Группа Мысловского, потом алмаатинцы, потом команда Иванова, потом Хомутов с товарищами. Так сложилась очередность выходов. Теперь Иванов и Вапиев возвращались в один день, а алмаатинцы вышли на день раньше… Получалось, что пробыли на высоте они больше, и это могло послужить основанием для изменения графика.

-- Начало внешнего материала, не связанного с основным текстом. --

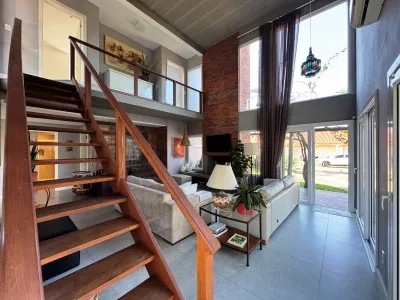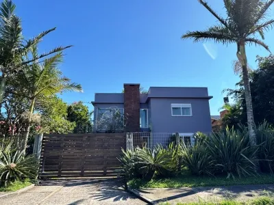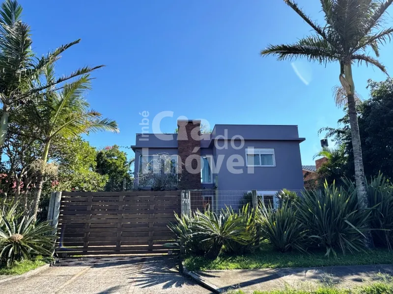 Imóvel de alto padrão, situado no Centro de Imbé! Composta por 05 dormitórios, sendo 04 suítes, 01 banheiro social, sala de estar com pé-direito duplo e uma imponente lareira que se estende por dois andares, cozinha, área de serviço, semimobiliado, e quiosque gourmet com churrasqueira, equipado com bancada elegante que harmoniza o ambiente com a piscina aquecida.

Иванов спустился в базовый лагерь и сразу попал на тренерский разбор. Разбор был нервным. (Задним числом, — пишет на полях Овчинников, напротив слов «разбор был нервным», — думаю, что разбор был действительно трудным. Представьте себе людей уставших, еще не остывших от работы, которым предлагают вновь выходить наверх. Думаю, что разбор не следовало делать в таких условиях. Это ошибка. Не хватило выдержки. Надо было подождать, пока участники отдохнут. Мы забыли о добром русском обычае — накормить, напоить, в баньку сводить, спать уложить, а потом разговаривать о делах. Отсутствие выдержки в общем-то привело и к серьезным разногласиям. Возможно, каждый находился под впечатлением своих забот: у Тамма и Овчинникова — одни, у групп — другие.) Овчинников высказал Иванову сожаление, что группа не проработала еще день… Иванов напомнил, что база, в конце концов, предоставила четверке самой решать, что делать, но это не показалось убедительным аргументом. Никто не сказал вслух, но за каждым выступлением тренеров прочитывался упрек, что группа слишком бережно к себе относится. Что, почувствовав «запах» вершины, альпинисты начали экономить себя, не рискуя ради команды.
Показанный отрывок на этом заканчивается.